Submitted to: The Plant Journal
Publication Type: Peer Reviewed Journal
Publication Acceptance Date: 8/22/2024
Publication Date: 9/11/2024
Citation: He, C., Washburn, J.D., Schleif, N., Hao, Y., Kaeppler, H., Kaeppler, S., Zhang, Z., Yang, J., Liu, S. 2024. Trait association and prediction through integrative K-mer analysis. The Plant Journal. 120(2): 833-850. https://doi.org/10.1111/tpj.17012.
DOI: https://doi.org/10.1111/tpj.17012

Interpretive Summary: Genome-wide association study (GWAS) and genomic prediction (GP) are popular and effective methods for determining which genes potentially contribute to a trait, and for predicting how different individuals manifest that trait. Both methods traditionally require the mapping of DNA sequences to a reference sequenced genome. This mapping process is error prone and depends on the quality and existence of a reference genome. An alternative approach was developed and tested for using k-mers, short k-length fragments from DNA sequences, directly without a mapping step. This approach was shown to work in ways that are complimentary to traditional methods, and in some cases more accurate than those methods.

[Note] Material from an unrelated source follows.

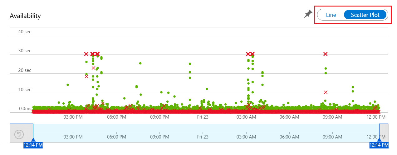Alapértelmezés szerint a Rendelkezésre állási felület egy vonaldiagramot jelenít meg. Módosítsa a nézetet pontdiagramra (kapcsolja a gráf feletti váltógombot) a diagnosztikai tesztlépések részleteivel rendelkező teszteredmények mintáinak megtekintéséhez. A tesztmotor tárolja a hibákat tartalmazó tesztek diagnosztikai adatait. A sikeres tesztek esetében a végrehajtások részhalmazainak diagnosztikai adatait is tárolja. A teszt, a teszt neve és a hely megtekintéséhez mutasson bármelyik zöld pontra vagy piros keresztre.

Technical Abstract: Genome-wide association study (GWAS) with single nucleotide polymorphisms (SNPs) has been widelyused to explore genetic controls of phenotypic traits. Alternatively, GWAS can use counts of substrings of length k from longer sequencing reads, k-mers, as genotyping data. Using maize cob and kernel color traits, we demonstrated that k-mer GWAS can effectively identify associated k-mers. Co-expression analysis of kernel color k-mers and genes directly found k-mers from known causal genes. Analyzing complex traits of kernel oil and leaf angle resulted in k-mers from both known and candidate genes. A gene encoding a MADS transcription factor was functionally validated by showing that ectopic expression of the gene led to less upright leaves. Evolution analysis revealed most k-mers positively correlated with kernel oil were strongly selected against in maize populations, while most k-mers for upright leaf angle were positively selected. In addition, genomic prediction of kernel oil, leaf angle, and flowering time using k-mer data resulted in a similarly high prediction accuracy to the standard SNP-based method. Collectively, we showed k-mer GWAS is a powerful approach for identifying trait-associated genetic elements. Further, our results demonstrated the bridging role of k-mers for data integration and functional gene discovery.